MNA International Desk: A 27-year-old Syrian man died by his own bomb on Sunday when he set off it outside a crowded music festival in Bavaria. Police said 12 people were injured, including three seriously, in the attack in Ansbach, a small town of 40,000 people southwest of Nuremberg that is also home to a US Army base.
Bavarian Interior Minister Joachim Herrmann told reporters at a quickly assembled news conference on Monday that it was unclear if the man had planned to commit suicide or “take others with him into death.”
Herrmann said that, the Syrian man came in Germany two years ago and had tried to commit suicide twice before. The man was holding a backpack filled with explosives and metallic parts that would have been enough to kill more people.
One US intelligence official said that detectives would focus on what the bomber was doing before he left Syria, why he was denied asylum, and whether the tried attack was individual or political.
Herrmann said the man had seemingly been denied entry to the Ansbach Open music festival shortly before the blast, which occurred outside a restaurant called Eugens Weinstube.
More than 2,000 people were exiled from the festival after the blast, police said. Alarge area around the blast site continued blocked off hours later.
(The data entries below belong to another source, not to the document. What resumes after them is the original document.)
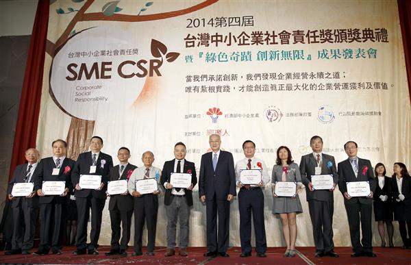 隨後,副總統親自頒發「臺灣中小企業優良企業社會責任獎」予旭聚企業、勁園國際、宗瑋工業、旭光箔膜科技、大愛感恩科技、臺灣今品、康揚股份有限公司、彩宸企業、合勁企業及樹德企業等企業代表。
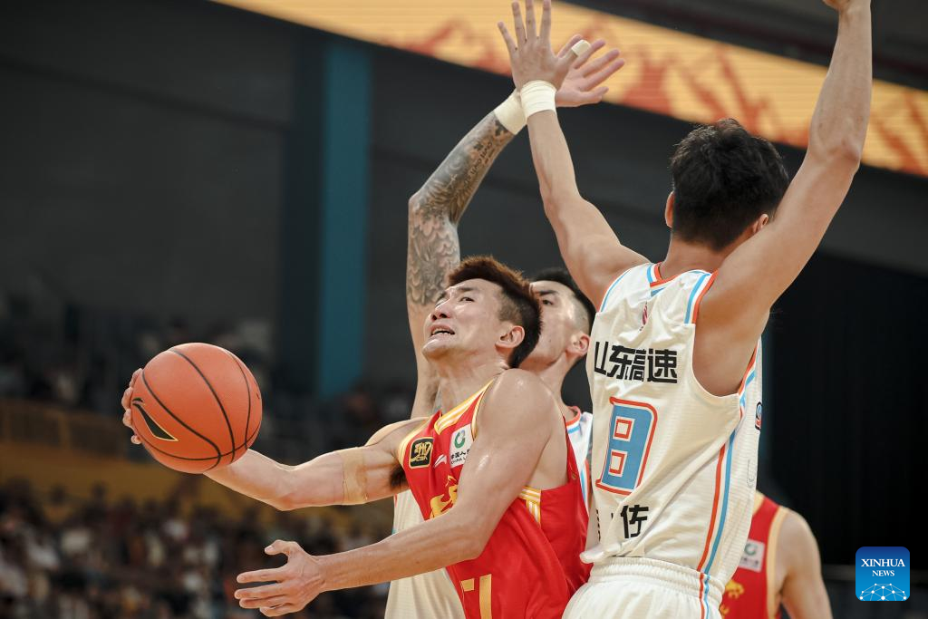 Marquese Chriss (L) of Shandong Heroes goes for a basket during a match between Zhejiang Lions and Shandong Heroes at the 2024-2025 season of the Chinese Basketball Association (CBA) league in Hangzhou, east China's Zhejiang Province, Oct. 17, 2024. (Xinhua/Jiang Han)
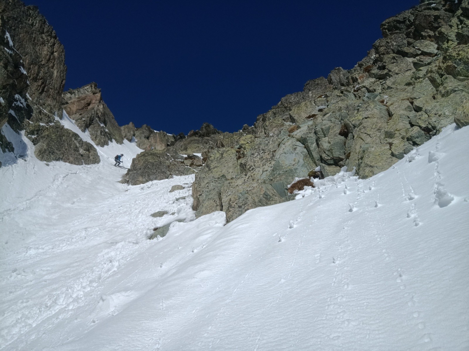 On poursuit vers l'épaule sous le Villonet, la face SE est un peu sèche en haut, on avisera quand on y sera, ça se trouve le temps d'arriver au sommet ce sera pourri. Le petit couloir d'accès en E est bien remplie et très sympa. Un peu de brassage au milieu des cailloux ensuite et on rejoint le collu au dessus du couloir N. Au-dessus, beaucoup de cailloux et peu de neige, ça semble assez pourri. On s'arrête donc 30m sous le sommet. De là on hésite, poudre en N, transfo en S? On se décide finalement pour la face SE. Marc me laisse le privilège de la première trace en me disant "je laisse passer les experts devant". Ah, ben, go alors! Une petite étroiture et c'est tout bon, jolie facette décaillée! Petit passage en neige un peu pourrie puis on retrouve une neige dure en traversant qui nous amène à un replat à 2000m. La combe des Roches semble sauvage aujourd'hui !

Earlier on Sunday, a 21-year-old Syrian refugee was detained after killing a pregnant woman and hurting two people with a knife in the southwestern city of Reutlingen, near Stuttgart.
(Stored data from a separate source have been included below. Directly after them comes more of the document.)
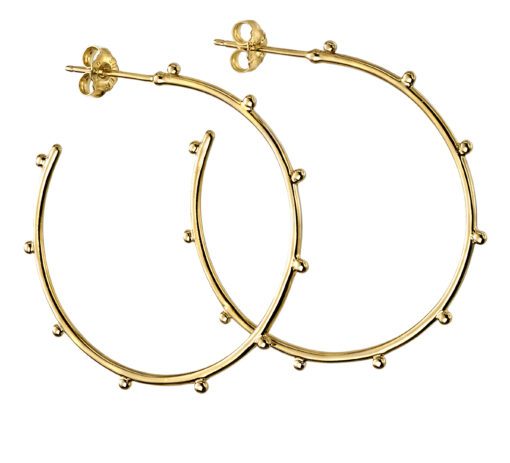 Large Gold-plated solid silver hoop earrings with studded effect.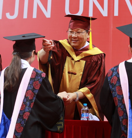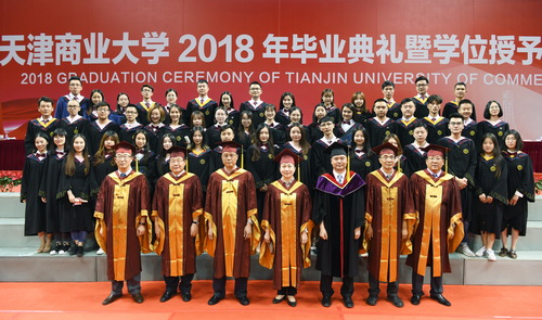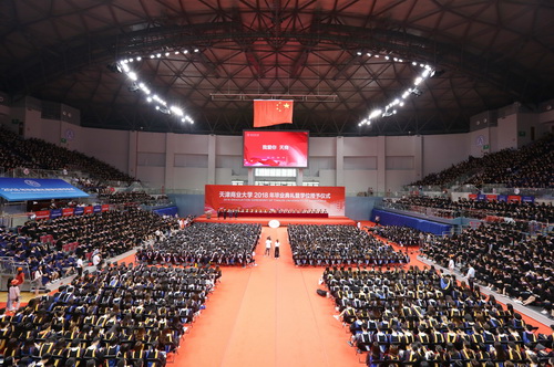 副校长、校学位评定委员会副主席齐恩平宣读毕业生毕业及授予学位的决定。曾担任大学生村官的马克思主义学院研究生李志青,保送北京大学硕士研究生的外国语学院本科生张甜甜,曾在中国人民解放军北海舰队服役两年、考取天津大学硕士研究生的信息工程学院本科生张世崇,留校从事少数民族辅导员工作的生物技术与食品科学学院本科生努尔比耶姆·麦麦提代表2018届毕业生发言,感谢学校的悉心培养,感恩老师的辛勤付出,畅谈了对实现未来美好生活的信心和决心。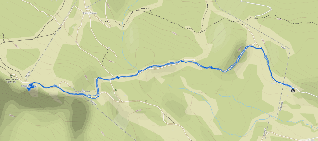 Un ultimo sforzo, ancora un po’ di salita e incontriamo il Ristoro La Cesela, chiuso, dopodichè la pendenza torna a farsi dolce e sempre più pianeggiante conducendoci sulla bellissima costa che sovrasta il bosco Fertazza, proprio sopra la Val Fiorentina. Ormai la nostra meta è a pochi passi e quindi non ci resta che proseguire ammirando il resto di panorama che si presenta davanti ai nostri occhi.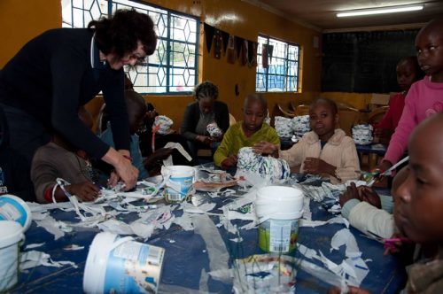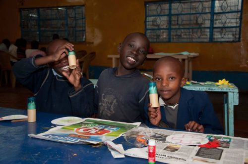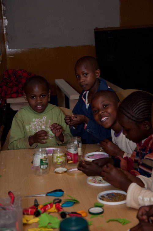 Die kleine Joyce übernahm es, auf Kisuaheli all den anderen, die nicht im Workshop waren, zu erzählen, was wir gemacht haben. Voller Stolz präsentierten sie ihre selbst gebastelten Produkte und sangen aus voller Inbrunst ihren Song. Ich bin sicher, dass die Kinder in dieser Woche viele Anregungen bekommen haben, ihrer Kreativität freien Lauf zu lassen. Auch ich habe in dieser Woche sehr viel gelernt – sozusagen haben beide Seiten voneinander gelernt und profitiert, was ohne die tatkräftige Unterstützung von Mother Grace nicht möglich gewesen wäre.

A refugee from Afghanistan using an axe injured five people near Wuerzbuerg, also in southern Germany, before he was shot dead by police a week ago. Islamic State claimed accountability for the July 18 axe attack in Wuerzbuerg.
Two days earlier, an 18-year-old man killed nine people in a firing outside a McDonald’s near a shopping centre in Munich, before then killing himself nearby.
After the Munich attack, Herrmann advised the German government to allow the country’s military to be deployed to help police during attacks. Germany’s post-war constitution only allows the military to be deployed nationally in cases of national crisis.